Please note that IDF is a collection-wide statistic for each term whereas term frequency (TF) is a term statistic specific to a document. They address two separate aspects of term weighting and are often combined for document representation.
The combined weighting scheme, namely the classic $TF\times IDF$, assigns a term's weight by:
$$\begin{aligned} w_{dt} & = & TF_{dt} \times \log \frac{N}{n_t}\end{aligned}$$or with log-transformed TF weight:
$$\begin{aligned} w_{dt} & = & \begin{cases} (1 + \log TF_{dt}) \log \frac{N}{n_t} , & \text{if}\ TF_{dt}>0 \\ 0, & \text{otherwise} \end{cases}\end{aligned}$$where $TF_{dt}$ is the number of times term $t$ occurs in document $d$ (TF), $n_t$ is the number of documents having $t$ (DF), and $N$ is the total number of document in the collection.
Now we can revisit the small collection of three course titles.

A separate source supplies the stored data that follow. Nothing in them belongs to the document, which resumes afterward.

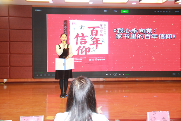 一襲紅色長裙、溫文爾雅的講書人張秋霞從革命烈士賀錦齋的一封家書展示開始,通過回望過去的時代,看到他們的情懷、追求和一顆為國捐軀的赤誠之心,激勵著我們誓用信仰之光照亮自己的教師生涯,為中國夢貢獻(xiàn)力量!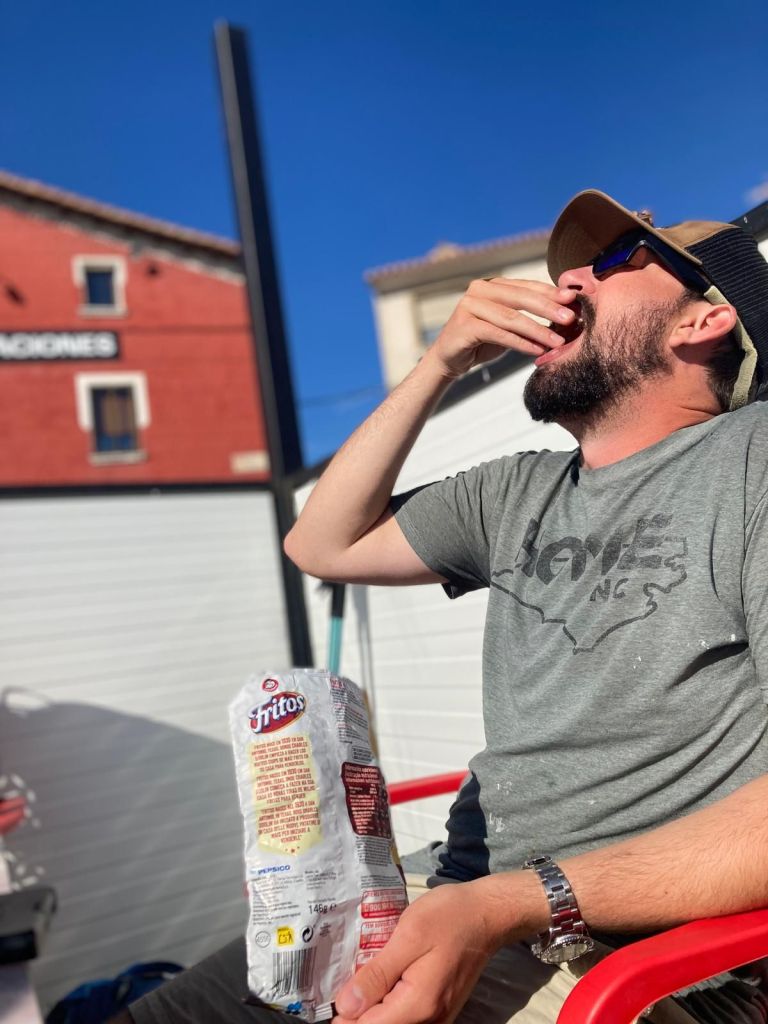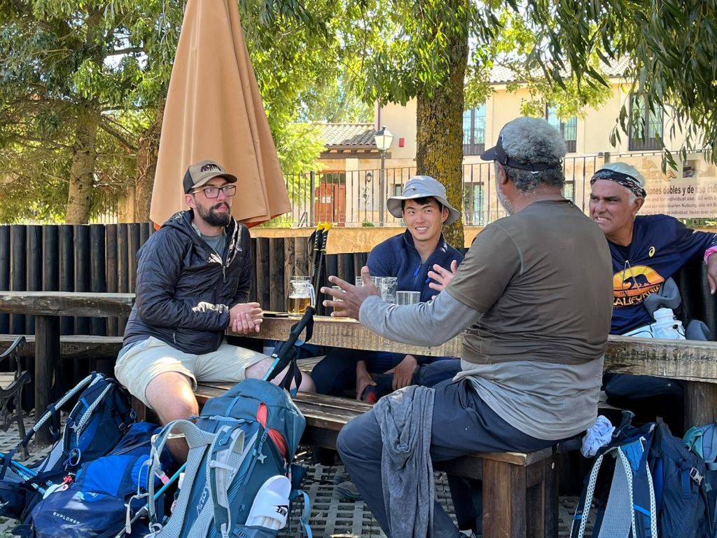 An early start lead to a beautiful sunrise, and hiked the morning portion with the Camino youngsters. Quite a crew! After lunch I hiked with James, where we talked tech and nerded out; he used to work on IBM Main frames for NASA when they were first created. Stopped for watermellon at a truck/vanstop ran by Angel, a very funny Spaniard. Spoke with a old highschool friend the night before, and it was good to catch up with him. Caught a taxi to Burgos after San Juan; the Camino youngsters booked a Airbnb for two nights. We went out onto the town, and ate some good food!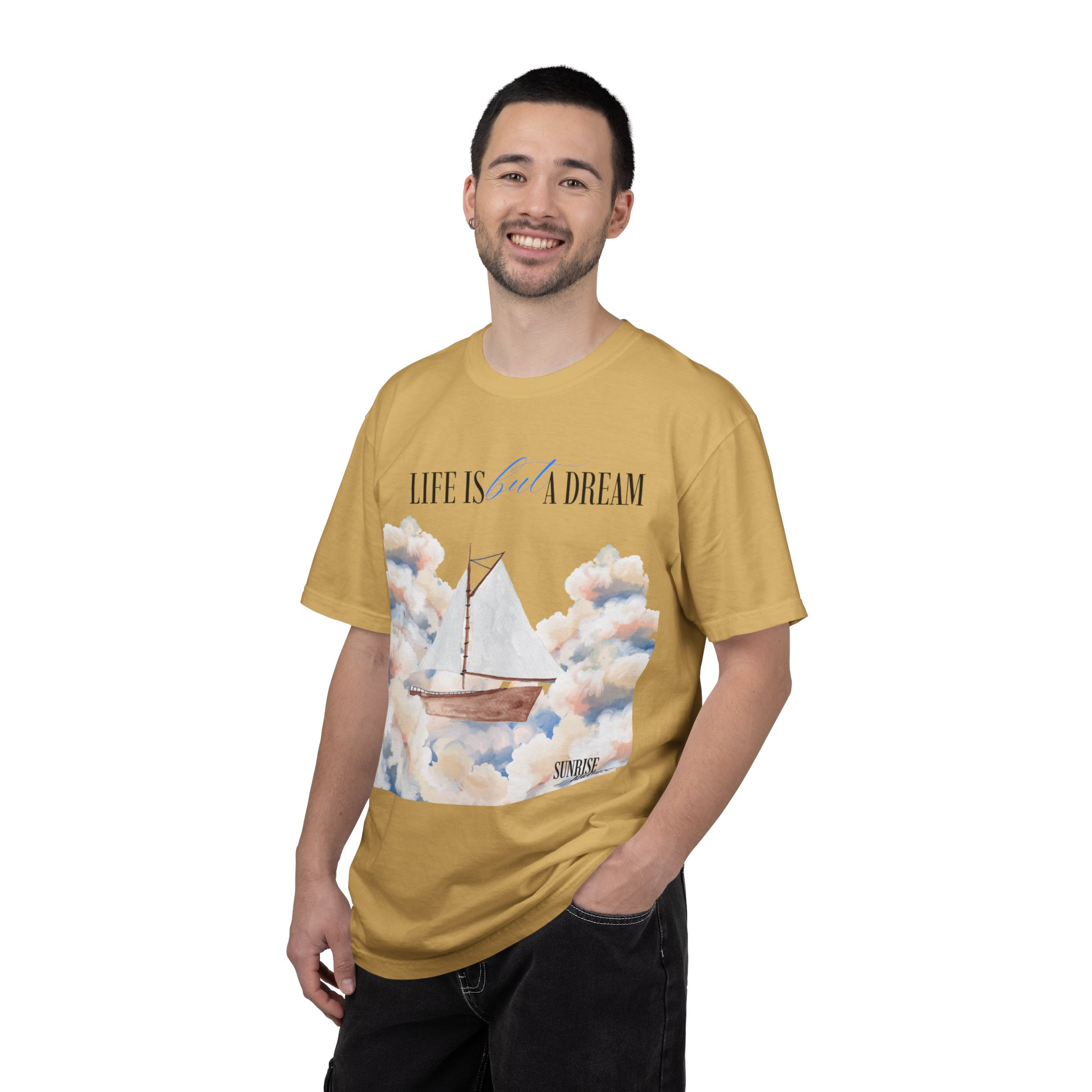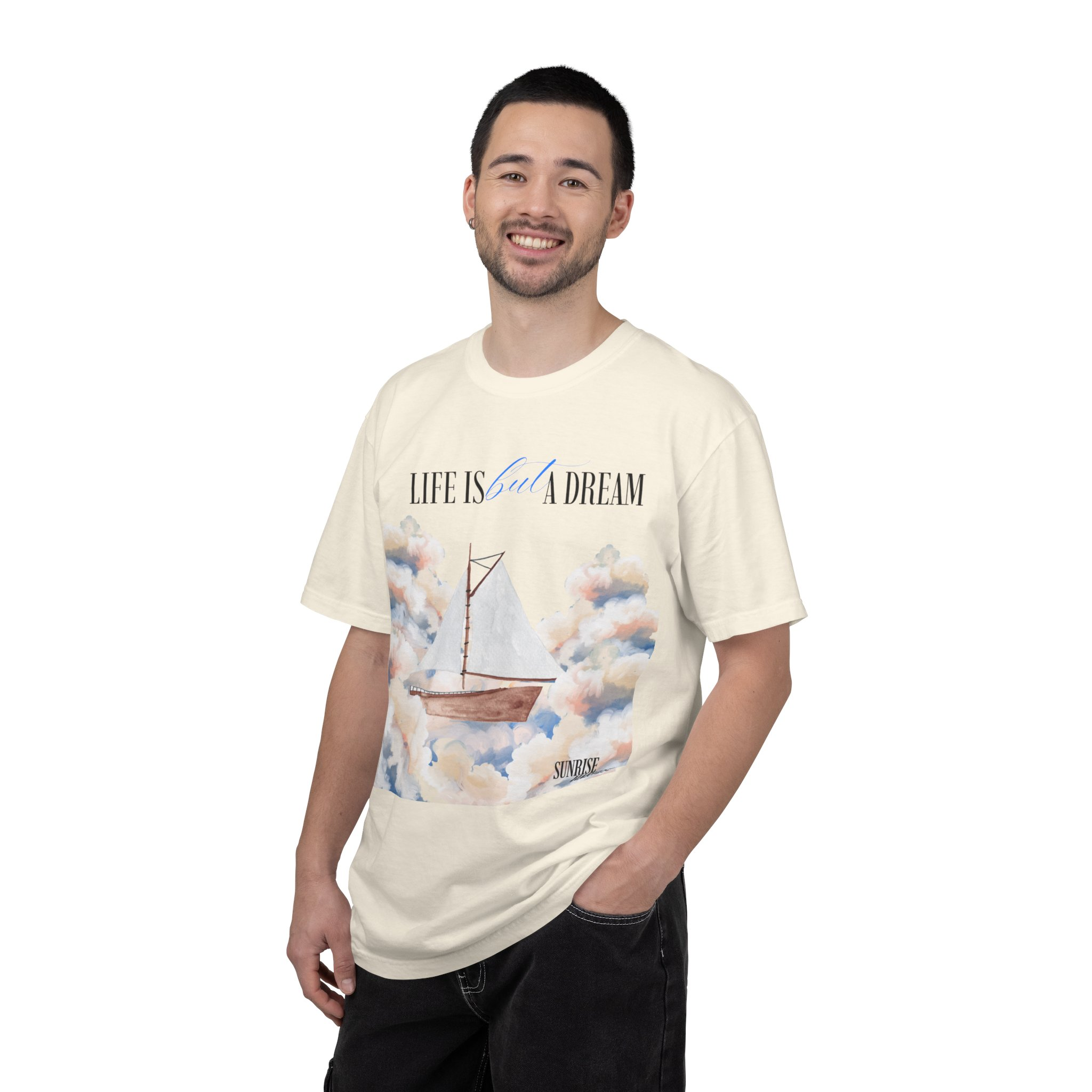 Salt-spray mornings and slow, sun-washed afternoons live in this shirt. A simple sailboat silhouette and the whisper of “Life is but a dream” sit against a warm sunrise-harvest palette — the kind of tee you reach for when you want calm, not noise. It wears softly from the first day thanks to garment-dyed cotton; the relaxed cut and heavyweight knit make it feel grounded while the tubular construction keeps the lines clean. Fold it into a beach bag for an early morning run to the pier, throw it on for a lakeside bonfire, or wear it while you trace the horizon from your favorite dock. For people who chase salt air and quiet horizons, this tee becomes one of those trusted pieces that holds the memory of a place.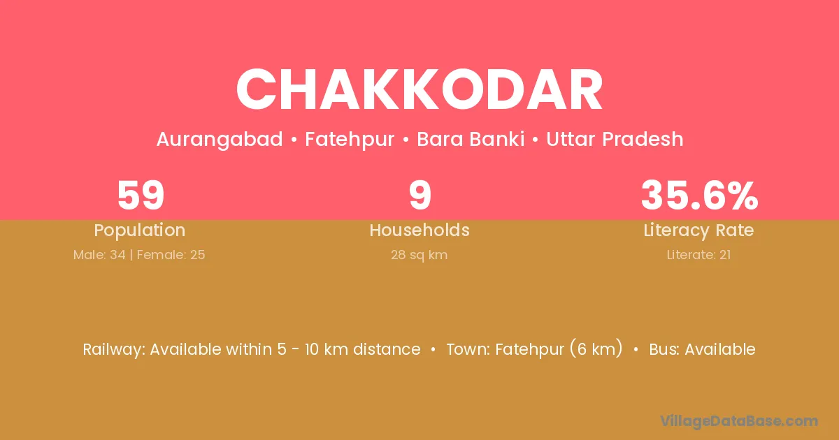 Chakkodar village has a total population of 59 people, of which 34 are males and 25 are females.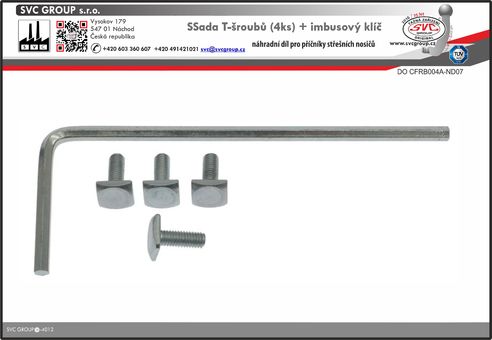 Kompletní sada - obsahuje příčné tyče 4ks T šroubů a imbusový klíč.
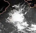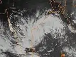 On November 10, an area of low pressure developed over the Bay of Bengal within a monsoonal trough. Moving towards the northwest,[44] the low gradually developed and the JTWC issued a TCFA early on November 13. The next day, the first advisory on Tropical Cyclone 06B was issued.[10] A brief period of rapid development took place as the storm strengthened just below Category 1 status. Shortly before making landfall near Visakhapatnam,[44] 06B reached its peak intensity with winds of 155 km/h (96 mph).[10] At this time, the IMD classified the cyclone as a Very Severe Cyclonic Storm and reported that it had a 60 km (37 mi) wide eye.[45] Rapid weakening followed shortly after landfall and the storm dissipated early on November 16.[10][44]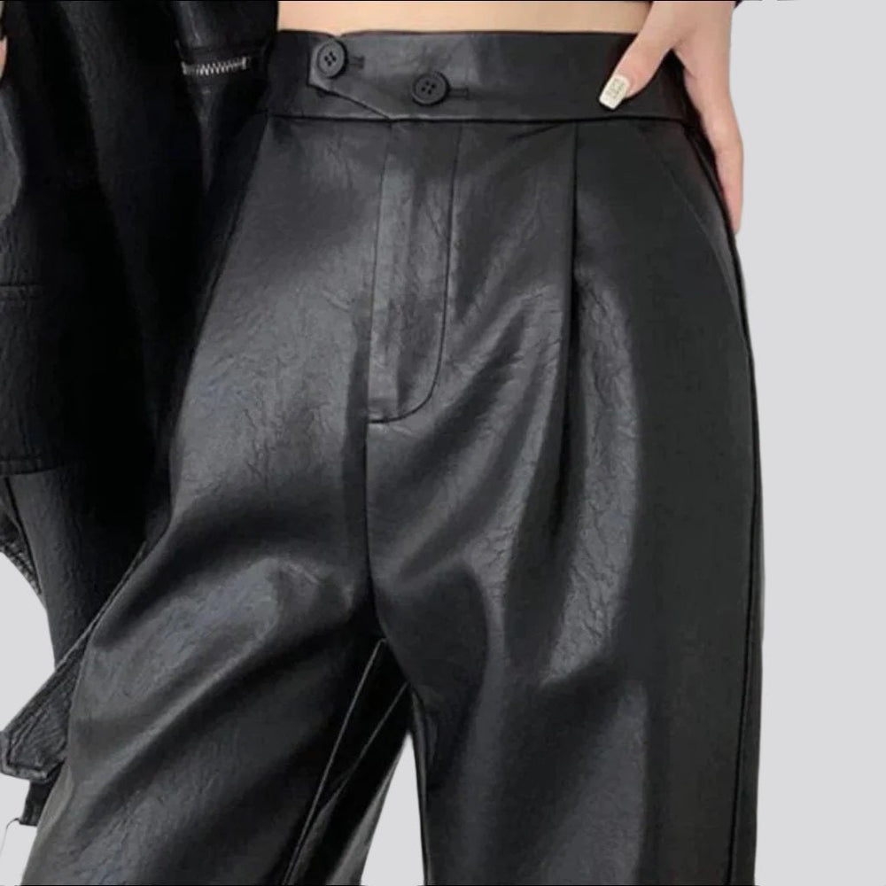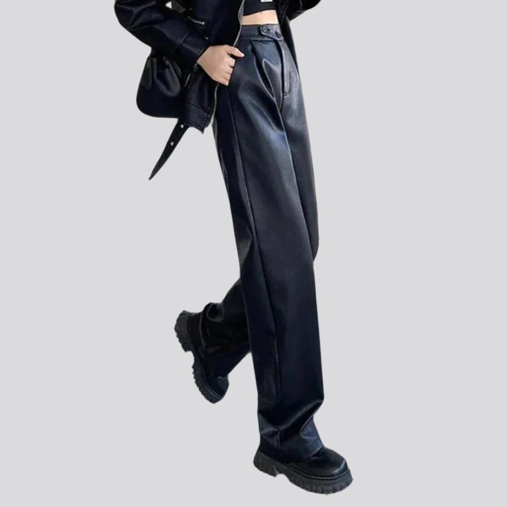 Inject classic glamour to your wardrobe with our 2023 Autumn-Winter Collection millennium style. pleated-waistline. wide leg denim pants! Made with luxe denim. this piece features a unique zipper & buttons closure. while the wax finish lends a subtle hint of vintage charm. Enjoy the perfect balance of bygone elegance and modern-day style with this exquisite ensemble!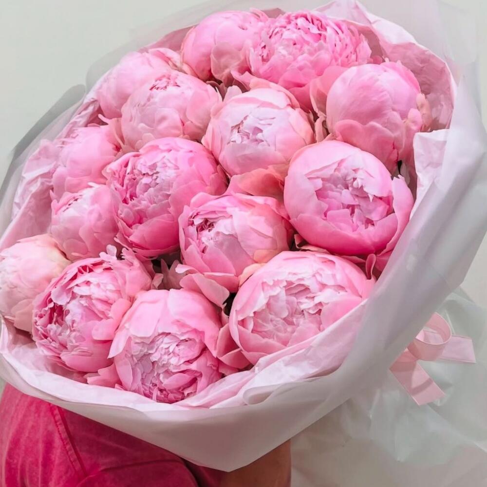 Букет из 17 нежно-розовых пионов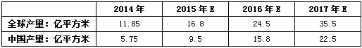 表2 2015-2017年全球及中國隔膜產(chǎn)量預(yù)測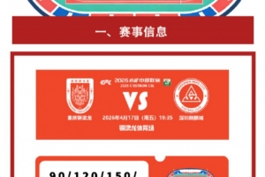 體育資訊4月13日訊 重慶銅梁龍發(fā)布中超第6輪對陣深圳新鵬城票務(wù)信息,本場門票售價90元-300元。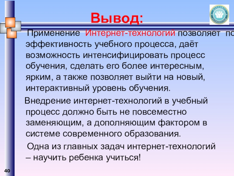 Внедрение интернет-технологий в учебный процесс должно быть не повсеместно заменяющим, а дополняющим фактором в системе современного образования.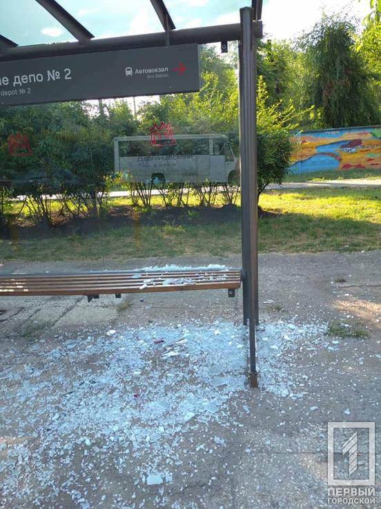 Розтрощили скло: у Кривому Розі вандали пошкодили нову зупинку громадського транспорту

The TF representation of documents:
TF representation:
Doc# | and | data | information | program | system |
---|---|---|---|---|---|
1. | 1 | 0 | 1 | 0 | 1 |
2. | 1 | 1 | 1 | 0 | 0 |
3. | 1 | 0 | 0 | 1 | 2 |
And now that we have the IDF score for each term:
t | $n_t$ | p(t) | $IDF_t$ |
---|---|---|---|
data | 1 | 1/3 | $\log{\frac{3}{1}}=0.48$ |
program | 1 | 1/3 | $\log{\frac{3}{1}}=0.48$ |
information | 2 | 2/3 | $\log{\frac{3}{2}}=0.18$ |
system | 2 | 2/3 | $\log{\frac{3}{2}}=0.18$ |
and | 3 | 3/3 | $\log{\frac{3}{3}}=0$ |
We can multiple the TF and IDF values for each term in each documents, and we get:
TF*IDF representation:
Doc# | and | data | information | program | system |
---|---|---|---|---|---|
1. | $$1\times0 = 0$$ | 0 | 0.18 | 0 | 0.18 |
2. | 0 | 0.48 | 0.18 | 0 | 0 |
3. | 0 | 0 | 0 | 0.18 | $$2\times0.18 = 0.36$$ |
Notice that the term and appears in every document and its TFIDF weight has been reduced to 0. The term system appears in document 3 for 2 times, with a collection wide IDF of 0.18, its TFIDF weight in document 3 is $2\times0.18$, which is 0.36.
In certain applications, TF may be normalized by document length to alleviate potential favoritism toward longer documents.
There are other variations of the TFIDF treatment. This is one of the most widely used term weighting methods in information retrieval and text mining.